ISPConfig läuft. Du hast aber eine Firewall installiert die nicht in der Installationsaleitung steht und diese blockt ispconfig und diverse andere Dienste, daher kannst Du sie auch nicht erreichen. Entweder Du rekonfigurierst die Firewall so dass sie den Zugang frei gibt oder Du installierst sie komplett da sie soweiso mit der Firewall in ISPConfig kollidieren würde.


----------



## dho (26. Feb. 2012)

Hi Till,
ich fall aus allen Wolken! Ich komm gar nicht mehr mit. Ich kann nicht nachvollziehen wo da einen weitere Firewall herkommt. 
Bitte erklär mir mal woran du das erkannt hast? (Das ist ernst gemeint!) Und bitte auch welche Firewall da läuft.
Kann sie durch ein upgrade mit gekommen sein?
Ich würde sie deinstallieren. Eine reicht meines erachtens.
Danke schön


----------



## Till (27. Feb. 2012)

> Bitte erklär mir mal woran du das erkannt hast?


Die Ausgabe von:

iptables -L



> Und bitte auch welche Firewall da läuft.

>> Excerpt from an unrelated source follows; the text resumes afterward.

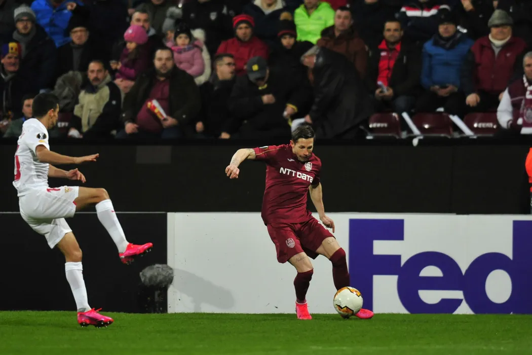 Ciprian Deac (D), de la CFR Cluj, suteaza in timpul meciului de fotbal contra echipei Sevilla, din 16-imile Europa League, mansa tur, disputat pe stadionul Dr. Constantin Radulescu din Cluj-Napoca, joi, 20 februarie 2020. DAN HORIA TAUTAN / MEDIAFAX FOTO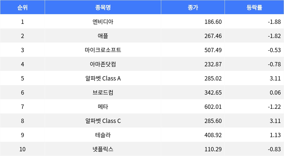 반면, 엔비디아는 1.88% 하락하여 186.60달러에 거래를 마쳤다. 거래량은 1억 7천 423만 81주로 전 거래일 대비 3.57% 감소했다. 애플도 1.82% 하락하여 267.46달러를 기록했으며, 거래량은 4천 297만 7천 962주로 전 거래일 대비 4.95% 감소했다.

Das kann ich Dir nicht sagen, viellicht hast die auch nur die ISPConfig firewall in weiten Teilen umkonfigureiert und alle standard Ports geschlossen und so Sachen gemacht wi Port 80 auf UDP zu öffnen was keinen Sinn macht, da Port 80 http ist. Der Name der Software welche die iptables Regeln angelegt hat steht da nicht drin.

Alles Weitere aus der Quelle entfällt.